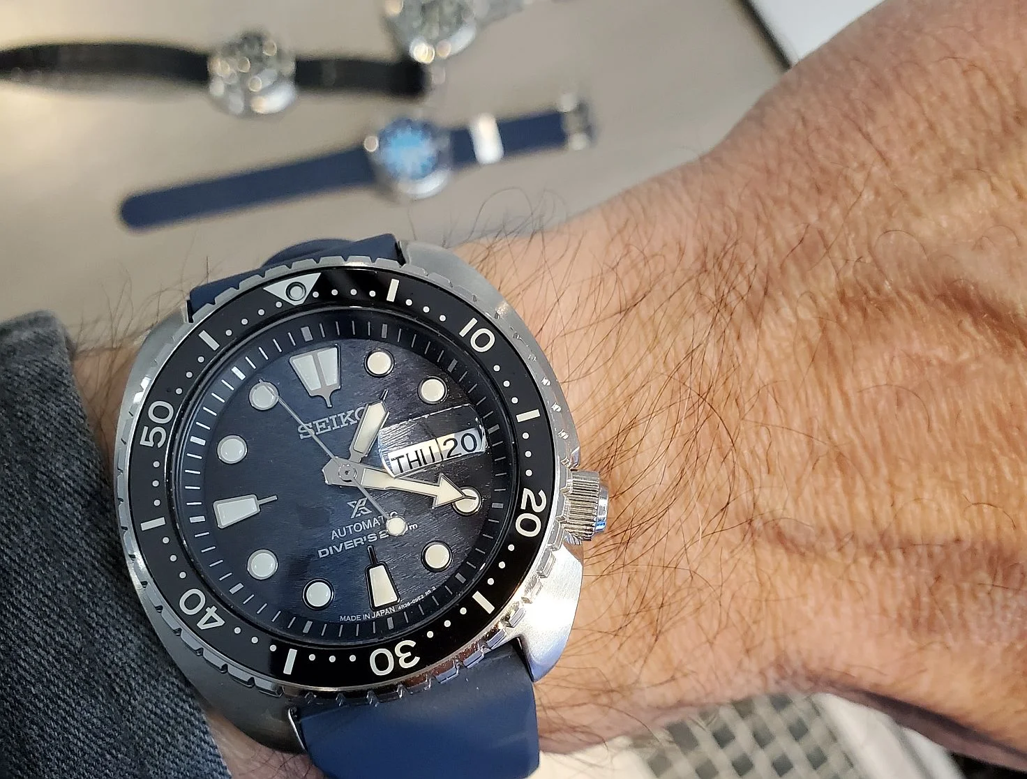Believe it or not these are actually different: SPRA21 vs the updated SRPE99, but a transitional one that hadn't gotten the lume at 3 yet. The backs are different...Air Divers 200 vs Divers 200...but I forgot to photograph...
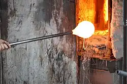 Blown glass has been an important industry in the state since the early 20th century, especially in Tonalá and Tlaquepaque. Initially, it was developed to make bottles for the tequila industry. Since then, it has developed into the making of various utilitarian and decorative objects, using a variety of techniques.[1] Traditional colors for glass pieces include cobalt blue, amethyst and green. Blown glass remains true to traditional forms as well as division of labor, with workshops having apprentices and workers under a master craftsman. However more modern setups have come into play since the mid 20th century, when Jose Camarasa began to manufacture glass prisms for light fixtures and lamps in Tlaquepaque. He also makes ornamental and utilitarian pieces of lead crystal, with the red pieces particularly prized.[3]
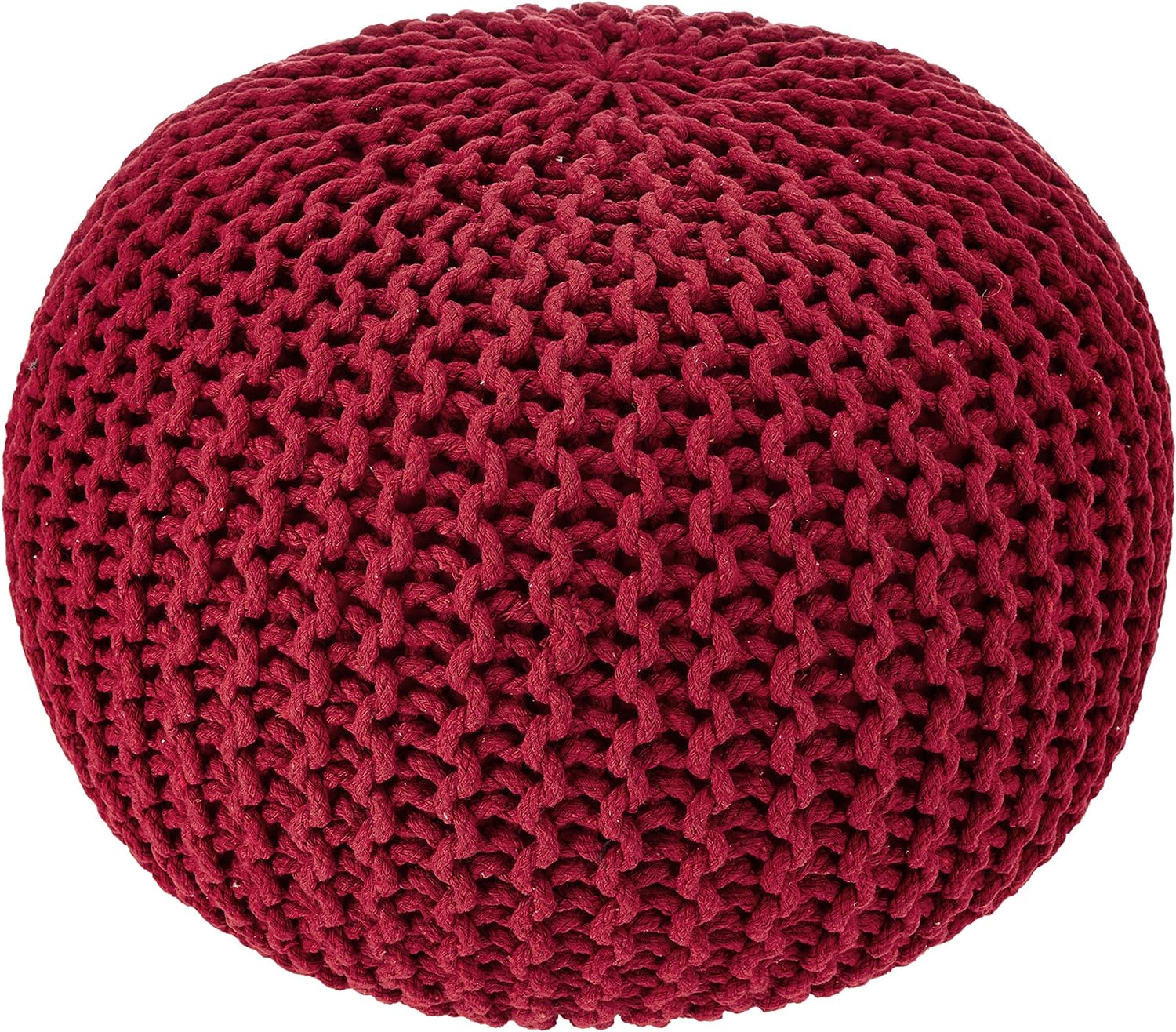REDEARTH Round Pouf Ottoman - Hand Knitted Cable Boho Poof - Foot Stool Bean Bag - Home Décor Stuffed Footrest for Living Room - Nursery - Bedroom - 100% Cotton Poufs (19.5"x19.5"x14") - Red
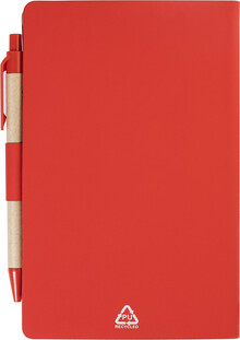 Blok s recyklovanou PU kůží, 70 linkovanými listy z recyklovaného papíru a 125 značkovači stránek (v 5 různých barvách). Včetně recyklovaného papíru a kuličkového pera z recyklovaného PP s modrou náplní.
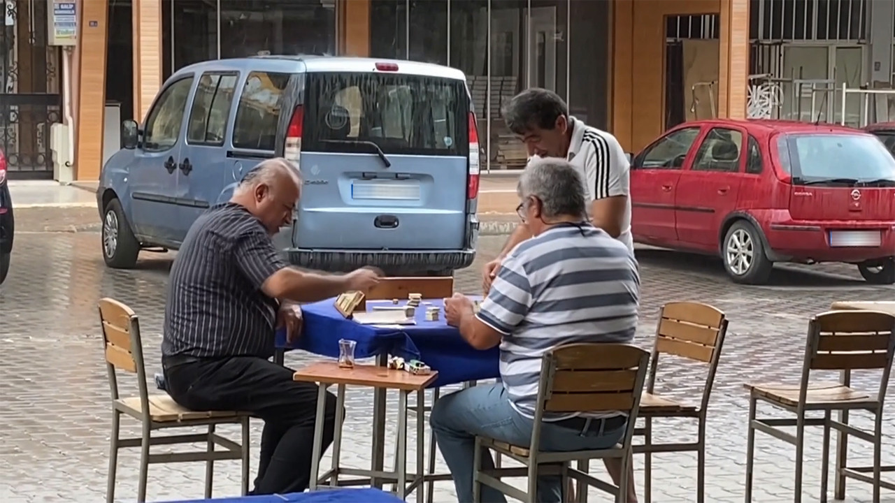 AA'nın haberine göre, ilçede öğlen saatlerinden sonra yağmur etkili oldu. Yeni Mahalle'deki bir kahvehanenin dışındaki masada okey oynayan 3 kişi ise yağmura aldırış etmeden oyun oynamaya devam etti.
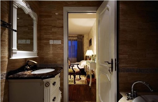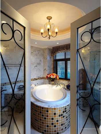 主浴室推門就是一個大大的浴缸展現(xiàn)在你面前,還原了衛(wèi)生間的本態(tài),腰線與浴缸的馬賽克相呼應,再配上大理石,使的整個空間張力十足。

··········

#### [Work instruction]
Leave nothing out but the pictures when transcribing the records.

#### [Your response]
Believe it or not these are actually different: SPRA21 vs the updated SRPE99, but a transitional one that hadn't gotten the lume at 3 yet. The backs are different...Air Divers 200 vs Divers 200...but I forgot to photograph...
 Blown glass has been an important industry in the state since the early 20th century, especially in Tonalá and Tlaquepaque. Initially, it was developed to make bottles for the tequila industry. Since then, it has developed into the making of various utilitarian and decorative objects, using a variety of techniques.[1] Traditional colors for glass pieces include cobalt blue, amethyst and green. Blown glass remains true to traditional forms as well as division of labor, with workshops having apprentices and workers under a master craftsman. However more modern setups have come into play since the mid 20th century, when Jose Camarasa began to manufacture glass prisms for light fixtures and lamps in Tlaquepaque. He also makes ornamental and utilitarian pieces of lead crystal, with the red pieces particularly prized.[3]
REDEARTH Round Pouf Ottoman - Hand Knitted Cable Boho Poof - Foot Stool Bean Bag - Home Décor Stuffed Footrest for Living Room - Nursery - Bedroom - 100% Cotton Poufs (19.5"x19.5"x14") - Red
 Blok s recyklovanou PU kůží, 70 linkovanými listy z recyklovaného papíru a 125 značkovači stránek (v 5 různých barvách). Včetně recyklovaného papíru a kuličkového pera z recyklovaného PP s modrou náplní.
 AA'nın haberine göre, ilçede öğlen saatlerinden sonra yağmur etkili oldu. Yeni Mahalle'deki bir kahvehanenin dışındaki masada okey oynayan 3 kişi ise yağmura aldırış etmeden oyun oynamaya devam etti.
 主浴室推門就是一個大大的浴缸展現(xiàn)在你面前,還原了衛(wèi)生間的本態(tài),腰線與浴缸的馬賽克相呼應,再配上大理石,使的整個空間張力十足。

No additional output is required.